2. The method of claim 1, wherein the feature tensor comprises a matrix of word vectors;

the dividing the target code into words by taking morphemes as a reference, converting each obtained word into a word vector, and combining the word vectors of each word to convert the target code into a feature tensor comprises the following steps:

preprocessing the target code;

and performing word segmentation on the preprocessed target code, and performing vector conversion on the obtained words to generate the word vector matrix.

3. The method of claim 2, wherein the pre-processing comprises any one or more of:

replacing all characters in each quotation mark in the object code with placeholders;

removing symbols in the object code; and

and filling preset characters in the target code so as to enable the target code to reach a standard length.

4. The method of claim 1, further comprising:

acquiring a plurality of groups of training data from code case data stored in a blockchain network, wherein the training data comprises sample codes and sample error types corresponding to the sample codes;

and training the machine learning model by using the training data to obtain the code error recognition model.

5. The method of claim 4, further comprising:

and acquiring a solution from the code case data, and constructing the solution association table based on the association relationship between the sample error type and the solution.

6. The method of claim 1, the type of error of the object code being a machine identification result;

the writing the processing result of the target code into the blockchain network comprises:

and acquiring a manual processing result of the target code, and if the manual processing result is not matched with the machine identification result, writing the target code and the manual processing result into the blockchain network as new case data.

7. The method of any of claims 1-6, wherein the machine learning model comprises a text convolutional neural network model.

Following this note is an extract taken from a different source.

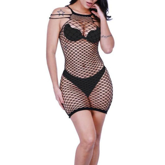 Fishnet solid strappy open cup tank mini dress

8. An apparatus for identifying code errors based on block chains, comprising:

the code acquisition module is used for acquiring a target code;

the tensor conversion module is used for dividing words of the target code by taking morphemes as a reference, converting each obtained word into a word vector, and combining the word vectors of each word to convert the target code into a characteristic tensor;

the error identification module is used for processing the characteristic tensor to obtain the error type of the target code based on a code error identification model, wherein the code error identification model is a machine learning model obtained by training according to code case data stored in a block chain network;

a scheme obtaining module, configured to search, according to the error type of the target code, a solution corresponding to the target code in a solution association table that is constructed in advance, and process the target code; and

and the data writing module is used for writing the processing result of the target code into the block chain network so as to periodically train and optimize the code error recognition model, wherein the processing result comprises at least one of a processing result of the code error recognition model on a feature tensor corresponding to the target code and a processing result of the target code according to the solution.

9. An electronic device, comprising:

a processor; and

a memory for storing executable instructions of the processor;

wherein the processor is configured to perform the method of any of claims 1-7 via execution of the executable instructions.

10. A computer-readable storage medium, on which a computer program is stored, which, when being executed by a processor, carries out the method of any one of claims 1 to 7.